SUPPLIED INFORMATION ->
- - - - -

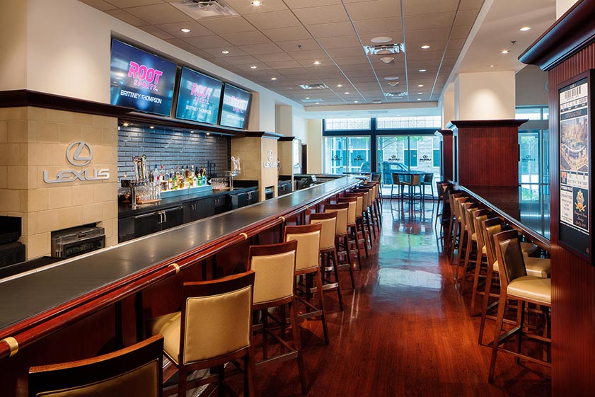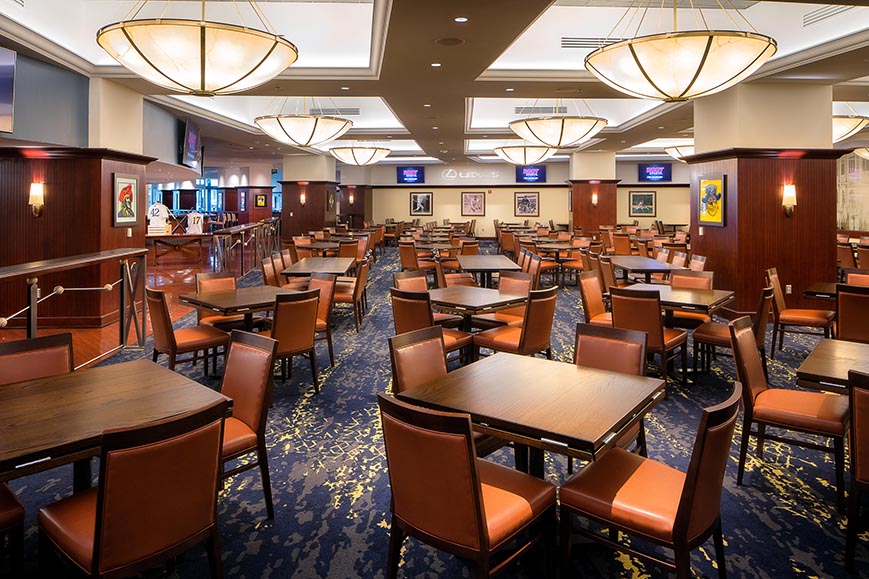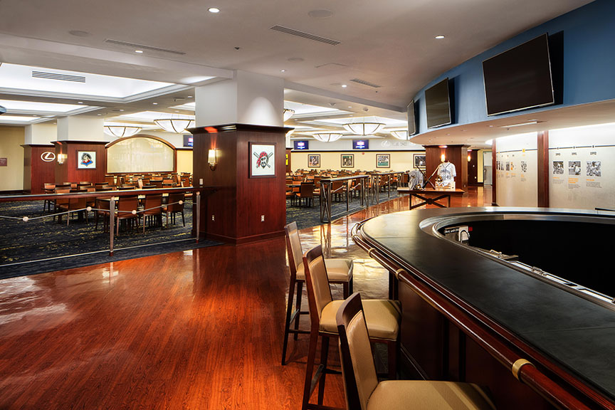 The Pirates asked DLA+ to work with Populous on the renovations of the Home Plate Club at PNC Park. Our scope included interior design and furniture selection for the dining room, bar, toilet rooms and grab-and-go areas. The design included new high-end finishes and furnishings, custom millwork, and technology integration, including new LED televisions and USB charging stations at the bar, as well as incorporating existing and new team branding, artwork, and memorabilia.
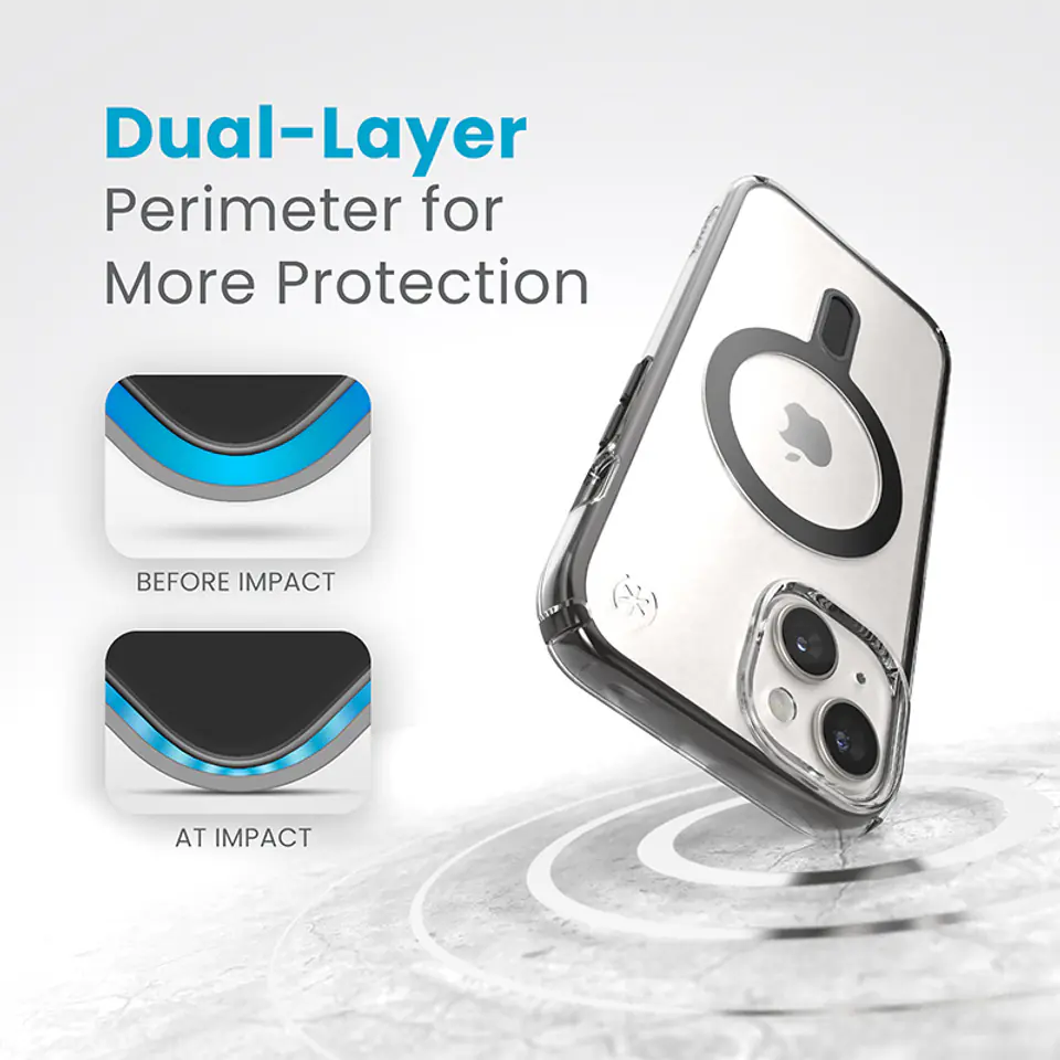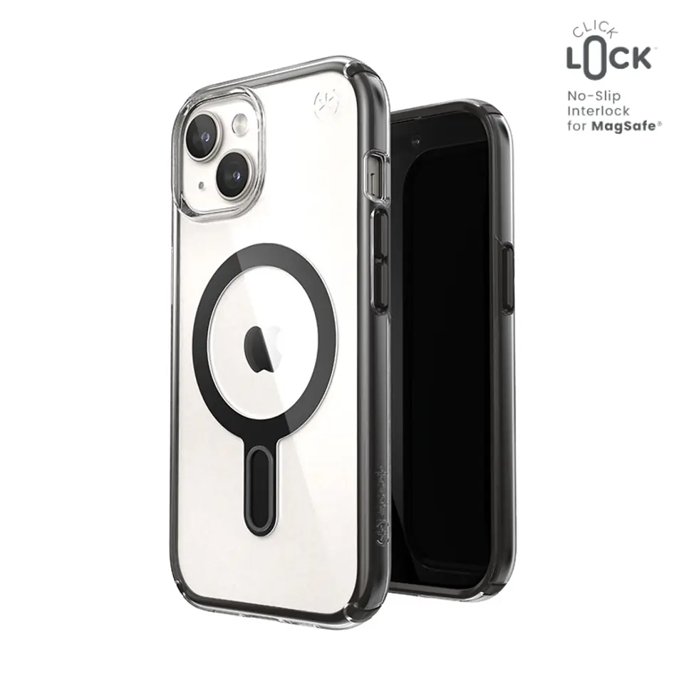 Speck Presidio® Perfect-Clear MagSafe® z technologią antypoślizgową ClickLock™ Interlock to przezroczyste etui z wbudowanym magnesem, kompatybilnym z akcesoriami Apple MagSafe®.Konstrukcja etui wykonana została w technologii IMPACTIUM™ Shock Barrier, która chroni telefon przed uszkodzeniami podczas upadku z wysokości prawie 4 m. To wszystko dzięki dwóm warstwom: zewnętrznej, która rozprasza siłę uderzenia oraz wewnętrznej IMPACTIUM™, absorbującej wstrząs.Podwyższona ramka wokół ekranu i aparatu zapewnia dodatkową ochronę przed zarysowaniami i uszkodzeniami.Innowacyjna technologia ClickLock™ Interlock tworzy antypoślizgową blokadę magnetyczną między etui Speck MagSafe® a wybranymi akcesoriami Speck, eliminując przypadkowy upadek urządzenia.Etui wykonane zostało w 50% z tworzyw sztucznych pochodzących z recyklingu, które nie ulega odbarwieniom pod wpływem światła UV. Specjalna powłoka sprawia, że obudowa Speck nie robi się żółta i przez cały czas wygląda jak nowa. Więcej informacji na stornie www.speckeco.comOryginalna obudowa ochronna Perfect-Clear oferuje również ochronę antybakteryjną MICROBAN® (światowy lider rozwiązań przeciwdrobnoustrojowych z szerokim portfolio ponad 25 zatwierdzonych technologii). Aktywny składnik wbudowany w strukturę etui powstrzymuje 99% bakterii, które gromadzą się na powierzchni etui. Technologia MICROBAN® zapewnia w ten sposób dożywotnią ochronę przed bakteriami powodującymi plamy i nieprzyjemne zapachy oraz działa na poziomie komórkowym, aby utrzymać czystość obudowy.Akcesoria Speck ClickLock™ współpracują również ze wszystkimi akcesoriami z funkcją MagSafe, także bez wbudowanego systemu ClickLock™.Cechy produktu:· Innowacyjna technologia ClickLock™ Interlock· Wbudowany pierścień magnetyczny kompatybilny z wszystkimi akcesoriami Apple MagSafe®· Czarne wykończenie pierścienia magnetycznego· Tylny, przezroczysty panel - materiał odporny na odbarwienia UV i żółknięcie· Wytrzymuje upadki z wysokości nawet 4 metrów (Clear impact technology)· Aktywna ochrona antybakteryjna MICROBAN®· Podwyższona ramka ekranu i aparatu· Wykonane w 50% z tworzyw sztucznych pochodzących z recyklingu (www.speckeco.com)· Kompatybilna z bezprzewodowymi ładowarkami Qi· Nie blokuje płatności zbliżeniowych Apple Pay· Kompatybilne z ładowarką Apple MagSafe
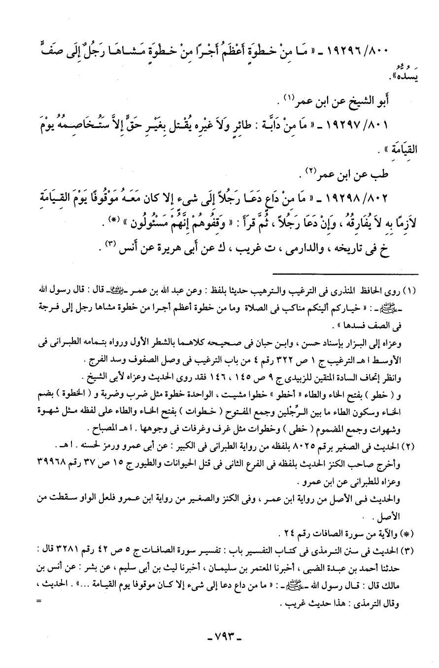 801/ 19297 - "مَا مِنْ دَابَّة: طائِرٍ وَلَا غيرِه يُقْتل بِغَيرِ حَق إِلَّا سَتُخَاصِمُهُ يوْمَ القِيَامَة".
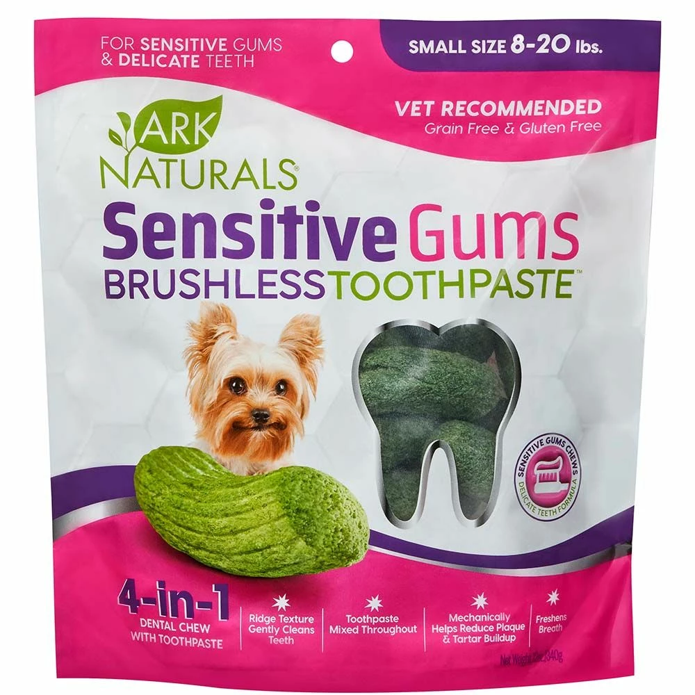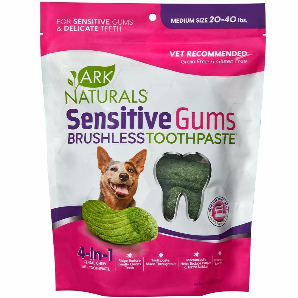 Our vet recommended ARK Naturals Sensitive Gums Brushless Toothpaste-Dog is a 4-in-1 dog dental chews are cesigned for sensitive or bleeding gums, these chews have a delicate consistency that is crunchy and airy to be gentle on your furry friend. The toothpaste center has active ingredients mixed throughout that help fight plaque and tartar. These chews also naturally freshen breath with active ingredients spearmint, cinnamon, clove and alfalfa. If your dog has trouble chewing harder treats, consider Ark Naturals Sensitive Gums Brushless Toothpaste 4-in-1 Dental Chews
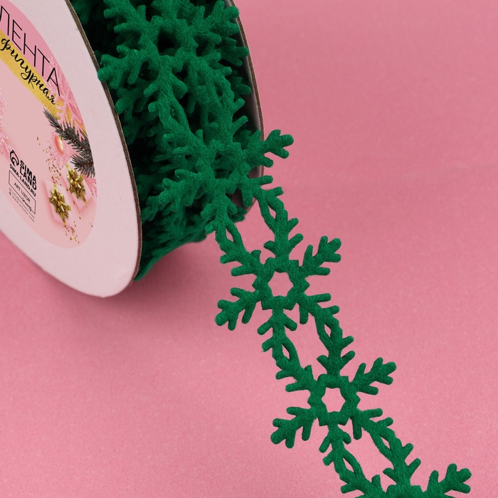 Лента декоративная фигурная «Снежинки», 25 мм, 9±0.5 м, зелёная
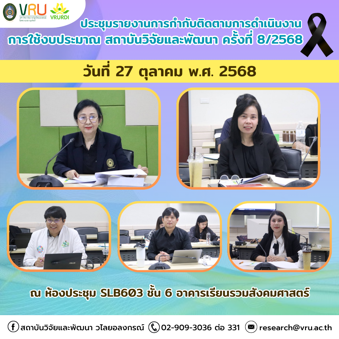 ประชุมรายงานการกำกับติดตามการดำเนินงานและการใช้งบประมาณ สถาบันวิจัยและพัฒนา ครั้งที่ 8/2568
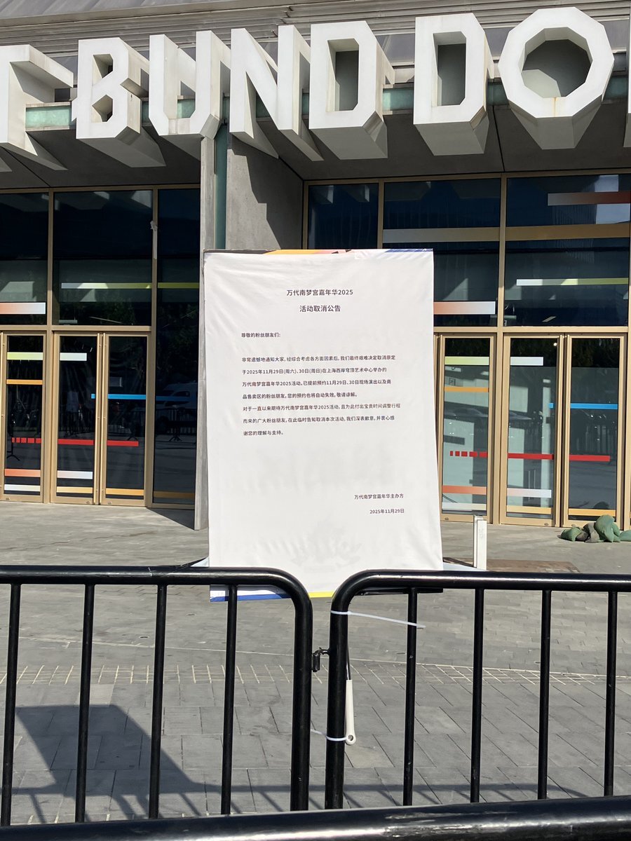 元々中国での海外公演は省級の文化観光局による管轄だから中止・継続は各省バラバラだったけど最後まで踏ん張った上海は今日ついに陥落。夜18時バンナムフェス上海で歌唱中の日本アーティストさん途中退場を境にこれからの日系公演は一掃。 面白いのは地元アイドルの日本曲カバーも禁止になるらしい。 pic.x.com/WHX2kw1uh7 x.com/kaf_info/statu…
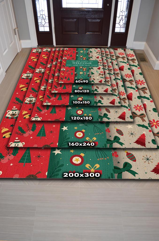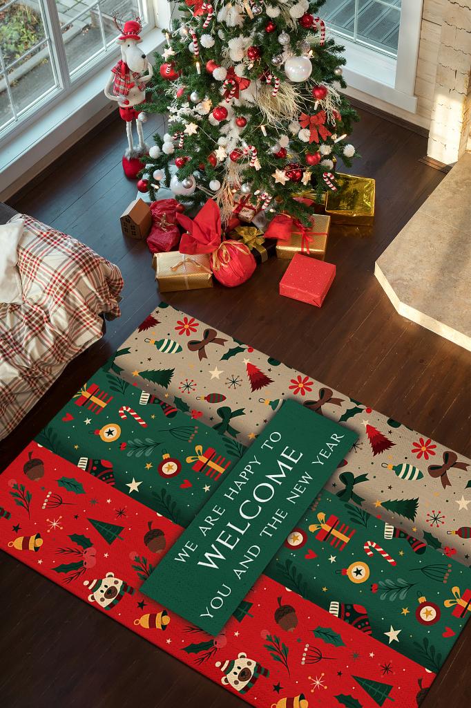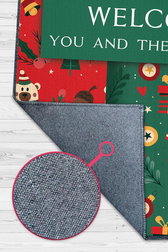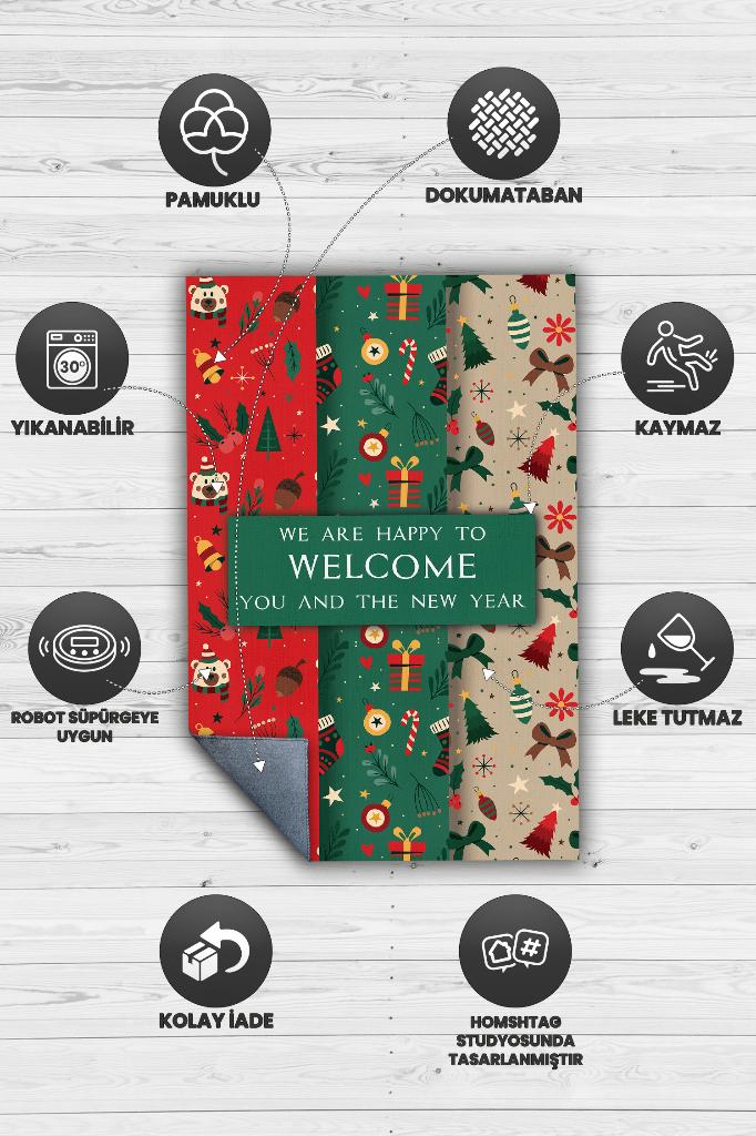 Homshtag Hoş Geldiniz Yeşil Renkli Yeni Yıl Parti Halısı Çok Renkli Yılbaşı Temalı Hediyelik Halı
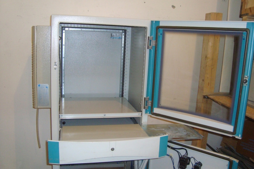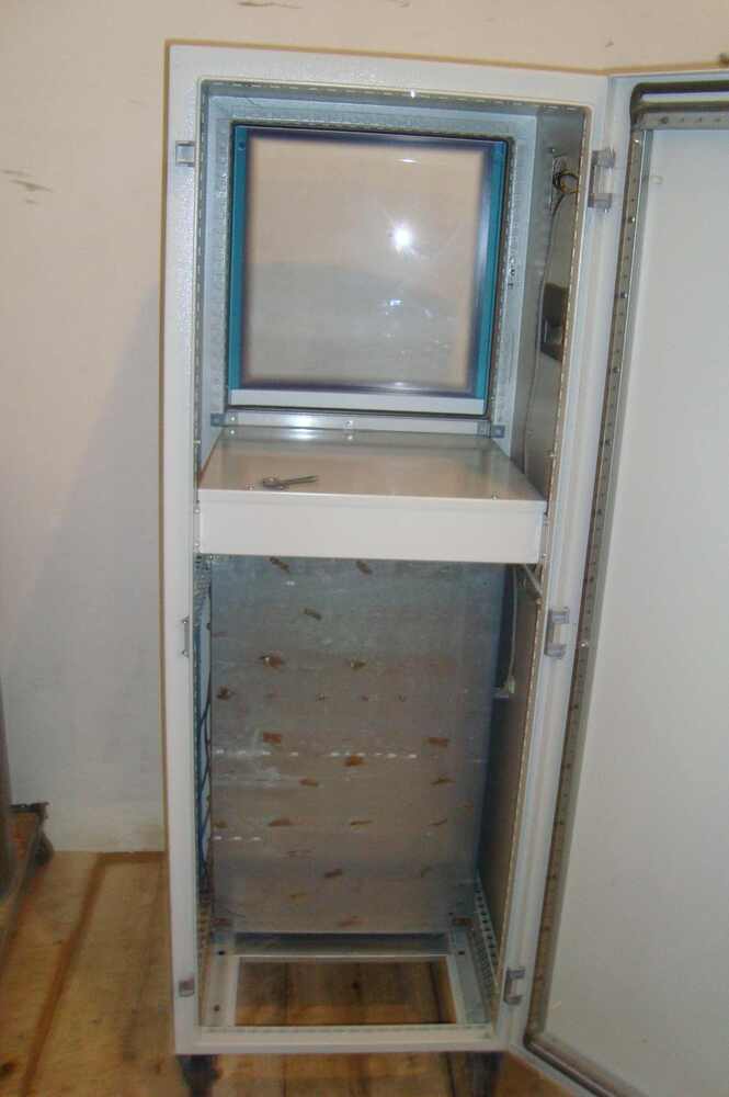 rozvaděč Rittal PC 4603703 ser.č. 002145 s klimatizací typ SK3203100 s výsuvem na klávesnicí, vrchním policí na PC.
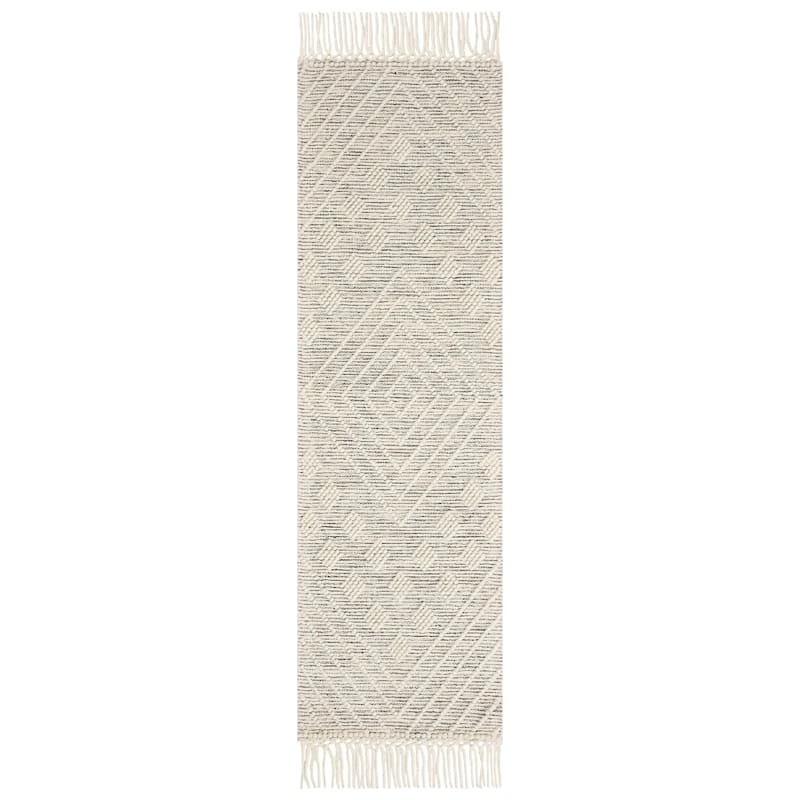 (B776) Reese Ivory Diamond Design Fringe Runner, 2×7

- - - - -

Return the data word for word without its pictures.

 The Pirates asked DLA+ to work with Populous on the renovations of the Home Plate Club at PNC Park. Our scope included interior design and furniture selection for the dining room, bar, toilet rooms and grab-and-go areas. The design included new high-end finishes and furnishings, custom millwork, and technology integration, including new LED televisions and USB charging stations at the bar, as well as incorporating existing and new team branding, artwork, and memorabilia.
 Speck Presidio® Perfect-Clear MagSafe® z technologią antypoślizgową ClickLock™ Interlock to przezroczyste etui z wbudowanym magnesem, kompatybilnym z akcesoriami Apple MagSafe®.Konstrukcja etui wykonana została w technologii IMPACTIUM™ Shock Barrier, która chroni telefon przed uszkodzeniami podczas upadku z wysokości prawie 4 m. To wszystko dzięki dwóm warstwom: zewnętrznej, która rozprasza siłę uderzenia oraz wewnętrznej IMPACTIUM™, absorbującej wstrząs.Podwyższona ramka wokół ekranu i aparatu zapewnia dodatkową ochronę przed zarysowaniami i uszkodzeniami.Innowacyjna technologia ClickLock™ Interlock tworzy antypoślizgową blokadę magnetyczną między etui Speck MagSafe® a wybranymi akcesoriami Speck, eliminując przypadkowy upadek urządzenia.Etui wykonane zostało w 50% z tworzyw sztucznych pochodzących z recyklingu, które nie ulega odbarwieniom pod wpływem światła UV. Specjalna powłoka sprawia, że obudowa Speck nie robi się żółta i przez cały czas wygląda jak nowa. Więcej informacji na stornie www.speckeco.comOryginalna obudowa ochronna Perfect-Clear oferuje również ochronę antybakteryjną MICROBAN® (światowy lider rozwiązań przeciwdrobnoustrojowych z szerokim portfolio ponad 25 zatwierdzonych technologii). Aktywny składnik wbudowany w strukturę etui powstrzymuje 99% bakterii, które gromadzą się na powierzchni etui. Technologia MICROBAN® zapewnia w ten sposób dożywotnią ochronę przed bakteriami powodującymi plamy i nieprzyjemne zapachy oraz działa na poziomie komórkowym, aby utrzymać czystość obudowy.Akcesoria Speck ClickLock™ współpracują również ze wszystkimi akcesoriami z funkcją MagSafe, także bez wbudowanego systemu ClickLock™.Cechy produktu:· Innowacyjna technologia ClickLock™ Interlock· Wbudowany pierścień magnetyczny kompatybilny z wszystkimi akcesoriami Apple MagSafe®· Czarne wykończenie pierścienia magnetycznego· Tylny, przezroczysty panel - materiał odporny na odbarwienia UV i żółknięcie· Wytrzymuje upadki z wysokości nawet 4 metrów (Clear impact technology)· Aktywna ochrona antybakteryjna MICROBAN®· Podwyższona ramka ekranu i aparatu· Wykonane w 50% z tworzyw sztucznych pochodzących z recyklingu (www.speckeco.com)· Kompatybilna z bezprzewodowymi ładowarkami Qi· Nie blokuje płatności zbliżeniowych Apple Pay· Kompatybilne z ładowarką Apple MagSafe
 801/ 19297 - "مَا مِنْ دَابَّة: طائِرٍ وَلَا غيرِه يُقْتل بِغَيرِ حَق إِلَّا سَتُخَاصِمُهُ يوْمَ القِيَامَة".
 Our vet recommended ARK Naturals Sensitive Gums Brushless Toothpaste-Dog is a 4-in-1 dog dental chews are cesigned for sensitive or bleeding gums, these chews have a delicate consistency that is crunchy and airy to be gentle on your furry friend. The toothpaste center has active ingredients mixed throughout that help fight plaque and tartar. These chews also naturally freshen breath with active ingredients spearmint, cinnamon, clove and alfalfa. If your dog has trouble chewing harder treats, consider Ark Naturals Sensitive Gums Brushless Toothpaste 4-in-1 Dental Chews
 Лента декоративная фигурная «Снежинки», 25 мм, 9±0.5 м, зелёная
 ประชุมรายงานการกำกับติดตามการดำเนินงานและการใช้งบประมาณ สถาบันวิจัยและพัฒนา ครั้งที่ 8/2568
 元々中国での海外公演は省級の文化観光局による管轄だから中止・継続は各省バラバラだったけど最後まで踏ん張った上海は今日ついに陥落。夜18時バンナムフェス上海で歌唱中の日本アーティストさん途中退場を境にこれからの日系公演は一掃。 面白いのは地元アイドルの日本曲カバーも禁止になるらしい。 pic.x.com/WHX2kw1uh7 x.com/kaf_info/statu…
 Homshtag Hoş Geldiniz Yeşil Renkli Yeni Yıl Parti Halısı Çok Renkli Yılbaşı Temalı Hediyelik Halı
 rozvaděč Rittal PC 4603703 ser.č. 002145 s klimatizací typ SK3203100 s výsuvem na klávesnicí, vrchním policí na PC.
 (B776) Reese Ivory Diamond Design Fringe Runner, 2×7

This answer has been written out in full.